*Exercise aim*: Retype all of the data shown below, keeping every character the same.

*Data section*:
·····
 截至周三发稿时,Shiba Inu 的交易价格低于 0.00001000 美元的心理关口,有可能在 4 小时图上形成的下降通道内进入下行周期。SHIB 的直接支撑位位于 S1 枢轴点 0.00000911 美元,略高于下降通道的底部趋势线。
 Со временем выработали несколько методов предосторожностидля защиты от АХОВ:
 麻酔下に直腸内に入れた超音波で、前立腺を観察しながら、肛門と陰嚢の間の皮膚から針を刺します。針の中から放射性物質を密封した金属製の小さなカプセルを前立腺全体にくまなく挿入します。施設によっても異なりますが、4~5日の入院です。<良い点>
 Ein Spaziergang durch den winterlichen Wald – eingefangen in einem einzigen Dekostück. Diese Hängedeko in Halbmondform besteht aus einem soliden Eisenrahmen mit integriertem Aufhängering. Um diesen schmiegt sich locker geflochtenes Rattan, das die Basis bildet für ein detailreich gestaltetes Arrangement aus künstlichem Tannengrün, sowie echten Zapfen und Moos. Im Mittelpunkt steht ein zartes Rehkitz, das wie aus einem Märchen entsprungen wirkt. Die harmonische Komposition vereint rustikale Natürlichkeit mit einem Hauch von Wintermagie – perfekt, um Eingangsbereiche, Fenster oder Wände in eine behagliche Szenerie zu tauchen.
·····
*Reply*:
 截至周三发稿时,Shiba Inu 的交易价格低于 0.00001000 美元的心理关口,有可能在 4 小时图上形成的下降通道内进入下行周期。SHIB 的直接支撑位位于 S1 枢轴点 0.00000911 美元,略高于下降通道的底部趋势线。
 Со временем выработали несколько методов предосторожностидля защиты от АХОВ:
 麻酔下に直腸内に入れた超音波で、前立腺を観察しながら、肛門と陰嚢の間の皮膚から針を刺します。針の中から放射性物質を密封した金属製の小さなカプセルを前立腺全体にくまなく挿入します。施設によっても異なりますが、4~5日の入院です。<良い点>
 Ein Spaziergang durch den winterlichen Wald – eingefangen in einem einzigen Dekostück. Diese Hängedeko in Halbmondform besteht aus einem soliden Eisenrahmen mit integriertem Aufhängering. Um diesen schmiegt sich locker geflochtenes Rattan, das die Basis bildet für ein detailreich gestaltetes Arrangement aus künstlichem Tannengrün, sowie echten Zapfen und Moos. Im Mittelpunkt steht ein zartes Rehkitz, das wie aus einem Märchen entsprungen wirkt. Die harmonische Komposition vereint rustikale Natürlichkeit mit einem Hauch von Wintermagie – perfekt, um Eingangsbereiche, Fenster oder Wände in eine behagliche Szenerie zu tauchen.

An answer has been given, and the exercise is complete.